The mystery of why yawns are contagious.

Understanding Contagious Yawning

Most mammals, including cats, yawn. Photo by RahenZ via Flickr (CC BY-NC-ND 2.0)
title: 'Most mammals, including cats, yawn. Photo by RahenZ via Flickr (CC BY-NC-ND 2.0)' and caption: 'a cat yawning outside'

Contagious yawning, a peculiar behavior observed in humans and some animals, has intrigued psychologists and neuroscientists for years. While the exact reasons why yawns are contagious remain uncertain, several theories, primarily rooted in social behavior and neurological processes, offer insights into this phenomenon.

Neurological Underpinnings

At the core of contagious yawning lies a group of neurons known as mirror neurons, which activate both when we perform an action and when we observe someone else doing the same. This mirroring occurs during yawning, creating what can be called a 'neural echo' of the observed behavior. As described by researchers, when you see a yawn, these mirror neurons prompt a similar response in your brain, resulting in an involuntary yawn of your own[2]. fMRI studies have shown that areas related to empathy and self-awareness, like the posterior cingulate and precuneus, become active during such yawning events, indicating a connection between yawning and social cognition[8].

Evolutionary and Social Theories

The Science Behind Why Yawning Is ‘Contagious’
title: 'The Science Behind Why Yawning Is ‘Contagious’' and caption: 'a man with his mouth open and arms raised'

Several theories have emerged regarding the evolutionary significance of contagious yawning. One prominent hypothesis suggests that synchronized yawning among social animals may enhance group cohesion and vigilance. By yawning collectively, groups of animals, including early humans, may increase alertness, ensuring that all members of the group are ready to respond to potential threats. This behavior may also serve as a social bonding mechanism, fostering a sense of unity among group members[3][9].

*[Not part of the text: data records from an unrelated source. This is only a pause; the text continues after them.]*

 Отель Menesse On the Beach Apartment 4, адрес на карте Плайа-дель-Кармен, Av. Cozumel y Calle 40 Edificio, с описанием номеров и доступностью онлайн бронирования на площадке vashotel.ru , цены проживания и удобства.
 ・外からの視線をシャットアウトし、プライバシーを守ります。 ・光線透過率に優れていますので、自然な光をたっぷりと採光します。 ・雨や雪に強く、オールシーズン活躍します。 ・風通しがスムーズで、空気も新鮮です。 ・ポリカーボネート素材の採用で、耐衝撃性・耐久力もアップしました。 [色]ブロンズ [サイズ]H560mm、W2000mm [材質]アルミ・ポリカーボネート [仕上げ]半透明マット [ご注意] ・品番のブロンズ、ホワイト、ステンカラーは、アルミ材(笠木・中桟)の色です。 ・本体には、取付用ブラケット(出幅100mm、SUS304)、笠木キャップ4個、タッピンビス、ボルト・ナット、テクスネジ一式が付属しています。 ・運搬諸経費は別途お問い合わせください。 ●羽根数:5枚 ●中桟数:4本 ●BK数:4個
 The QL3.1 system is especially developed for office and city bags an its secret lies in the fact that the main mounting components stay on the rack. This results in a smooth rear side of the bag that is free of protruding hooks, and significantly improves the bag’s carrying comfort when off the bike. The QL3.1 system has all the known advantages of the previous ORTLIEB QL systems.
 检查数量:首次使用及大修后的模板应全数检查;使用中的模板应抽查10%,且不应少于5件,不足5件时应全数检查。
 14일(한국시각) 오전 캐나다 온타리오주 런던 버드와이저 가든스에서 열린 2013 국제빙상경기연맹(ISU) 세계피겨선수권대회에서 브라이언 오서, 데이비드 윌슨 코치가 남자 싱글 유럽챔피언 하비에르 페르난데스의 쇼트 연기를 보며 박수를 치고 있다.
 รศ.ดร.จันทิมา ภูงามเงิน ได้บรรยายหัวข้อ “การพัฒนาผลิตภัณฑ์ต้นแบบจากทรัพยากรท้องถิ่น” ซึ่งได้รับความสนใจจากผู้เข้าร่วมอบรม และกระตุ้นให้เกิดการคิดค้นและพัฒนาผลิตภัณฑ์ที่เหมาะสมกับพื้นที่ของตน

In non-human primates, such as chimpanzees and bonobos, contagious yawning has also been observed, acquiring a layer of complexity as it implies social bonding and empathy between individuals. Observations suggest that such contagious behaviors can strengthen social ties within groups, further supporting the theory that yawning plays a role in social dynamics[9].

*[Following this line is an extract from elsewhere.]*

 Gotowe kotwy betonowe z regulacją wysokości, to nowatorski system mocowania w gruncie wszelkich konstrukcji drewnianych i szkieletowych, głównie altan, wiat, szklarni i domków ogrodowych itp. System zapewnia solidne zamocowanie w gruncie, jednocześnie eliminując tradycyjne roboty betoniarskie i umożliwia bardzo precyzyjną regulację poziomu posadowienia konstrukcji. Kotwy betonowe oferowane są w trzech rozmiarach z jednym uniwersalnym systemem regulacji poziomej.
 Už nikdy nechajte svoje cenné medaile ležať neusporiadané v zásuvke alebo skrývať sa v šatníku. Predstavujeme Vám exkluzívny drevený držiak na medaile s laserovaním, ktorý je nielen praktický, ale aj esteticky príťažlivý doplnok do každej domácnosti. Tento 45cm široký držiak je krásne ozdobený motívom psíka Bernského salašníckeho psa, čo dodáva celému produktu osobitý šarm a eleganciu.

Physiological Functions of Yawning

'a woman yawning in bed'
title: 'Why Do Humans Yawn?' and caption: 'a woman yawning in bed'

Another interesting aspect of yawning is its potential physiological functions. Yawning is theorized to help cool the brain, as the deep inhalation draws in cooler air, which could help regulate brain temperature. Research indicates that before yawning, an increase in brain temperature is often noted, followed by a cooling effect once the yawn is completed[4][9]. This thermoregulatory function might be vital for maintaining optimal brain function, especially during periods of heightened mental activity or fatigue[5].

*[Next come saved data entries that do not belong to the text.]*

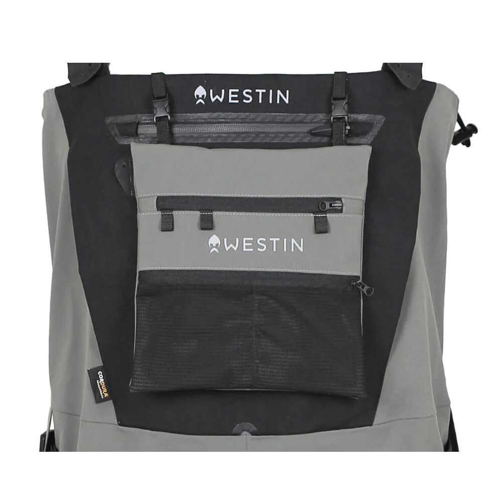 Um dir auch auf deinen Touren durch die verschiedensten Gewässer Platz für die wichtigsten Utensilien zu bieten, ist die Westin W8 St. Foot (Dark Shadow) mit kleinen aber praktischen Taschen und mehr ausgestattet. Hier findest du zunächst die Brusttasche aus Cordura-Gewebe, welche mit einem wasserdichten YKK Reißverschluss ausgestattet ist und Platz für deine Angelpapiere oder ähnliches bietet. Doch das eigentliche Highlight ist die ausklappbare Brusttasche. Diese kannst du bei Bedarf nach Innen oder Außen klappen oder sogar ganz abnehmen. Sie bietet ein Hauptfach und zwei kleine Netztaschen. Für kleinere Werkzeuge wie z.B. Lösezangen ist ein Holster aus Gummi auf der Brust befestigt. Sollten deine Hände doch einmal zu kalt sein, dann bietet die mit Fleece gefütterte Handwärmtasche die nötige Abhilfe.
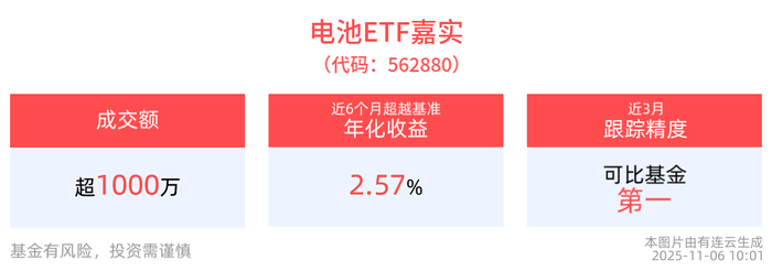 截至11月5日,电池ETF嘉实近3年净值上涨3.80%。从收益能力看,截至2025年11月5日,电池ETF嘉实自成立以来,最高单月回报为39.76%,最长连涨月数为6个月,最长连涨涨幅为90.20%,上涨月份平均收益率为9.20%。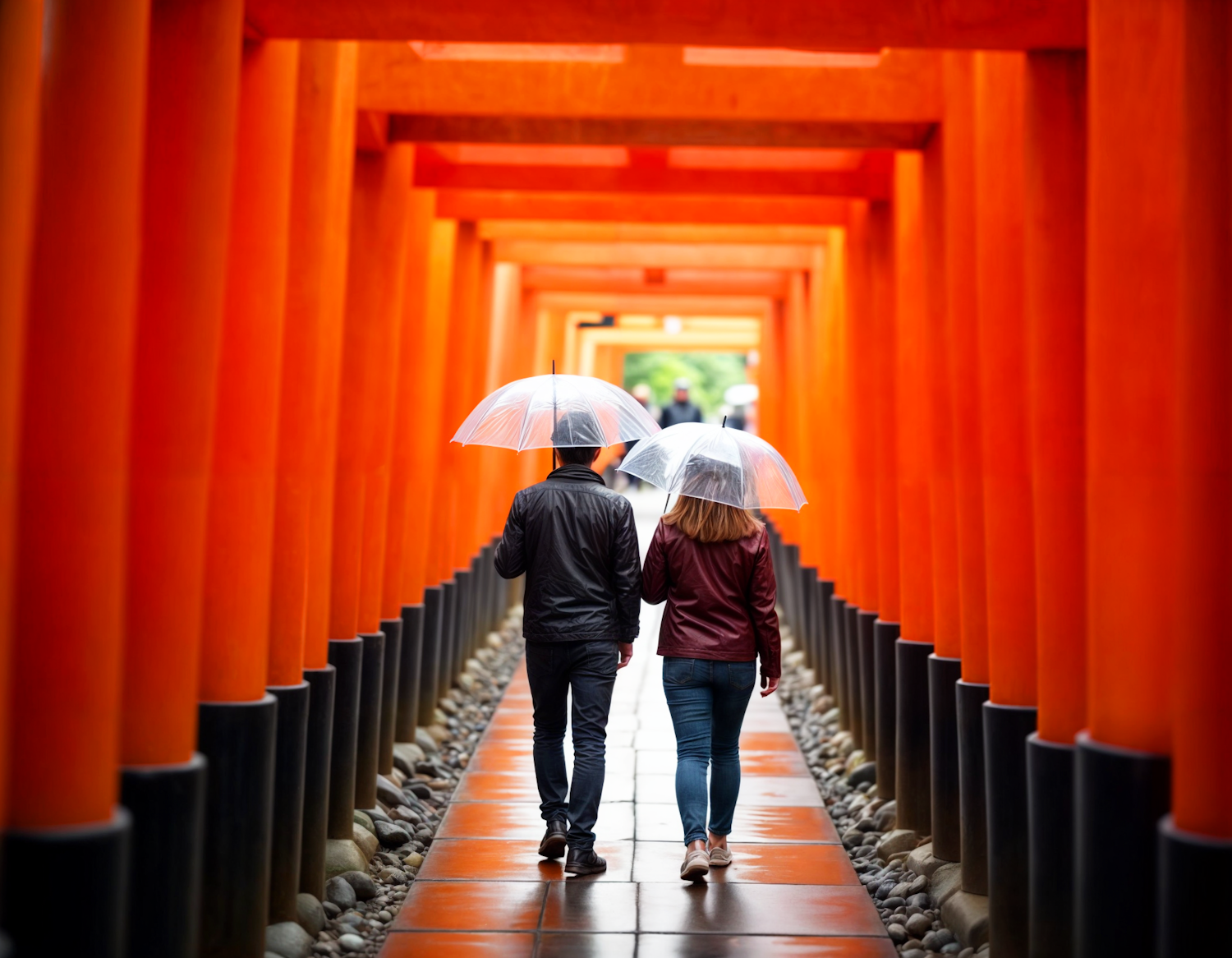Couple walking under vibrant orange torii gates with transparent umbrellas on a rainy day, creating a serene and intimate atmosphere.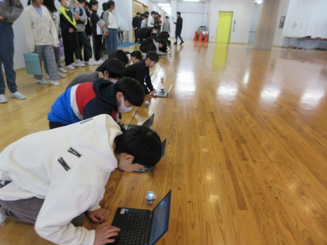 プログラミングについて教えていただき、ボール型のロボットを自分の思い通りに動くようにプログラムを組みました。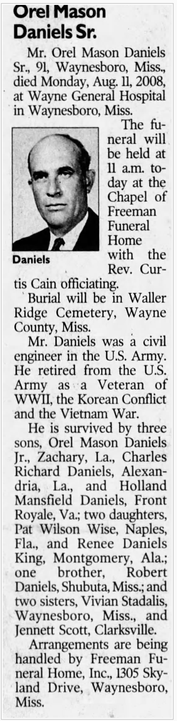 Orel Mason Daniels Sr., died at the age 91, of Waynesboro, funeral services were held at 11 a.m., Friday, Aug. 15, 2008, at the Freeman Funeral Home Chapel, with the Rev. Curtis Cain officiating. Interment followed at Waller Ridge Cemetery in Wayne County. Visitation was held from 5 to 9 p.m., Thursday, Aug. 14, 2008, at Freeman Funeral Home in Waynesboro. Daniels was a retired civil engineer in the U.S. Army and was a veteran of World War II, the Korean Conflict and the Vietnam War. He died Monday, Aug. 11, 2008, at Wayne General Hospital in Waynesboro. Survivors include three sons, Orel Mason Daniels Jr., of Zachary, La., Charles Richard Daniels of Alexandria, La., and Holland Mansfield Daniels of Front Royale, Va.; two daughters, Pat Wilson Wise of Naples, Fla., and Renee Daniels King of Montgomery, Ala.; a brother, Robert Daniels of Shubuta; and two sisters, Vivian Stadalis of Waynesboro and Jennett Scott of Clarksville, Tenn. Freeman Funeral Home of Waynesboro is in charge of arrangements.

In addition to brain cooling, yawning has been hypothesized to increase blood flow to various organs, enhance lung capacity, and even relieve pressure in the ears during rapid altitude changes[4][7]. Yawning thus serves various roles in both the physical and social domains.

The Role of Empathy

The Science Behind Why Yawning Is ‘Contagious’
title: 'The Science Behind Why Yawning Is ‘Contagious’' and caption: 'a woman yawning with her hand to her mouth'

The connection between yawning and empathy adds another layer to its understanding. Research findings suggest that individuals who score higher on empathy assessment scales are more susceptible to contagious yawning. This correlation implies that the ability to empathize may facilitate the understanding and imitation of others' emotional states, which could explain why observing someone yawn can trigger a similar reaction[8][9].

Interestingly, this susceptibility to contagious yawning is notably reduced in individuals with conditions like autism spectrum disorder and schizophrenia, which often involve challenges in social interactions and empathetic responses[7][8]. Such studies suggest that contagious yawning could potentially serve as a simple, non-invasive metric for assessing social cognitive capabilities.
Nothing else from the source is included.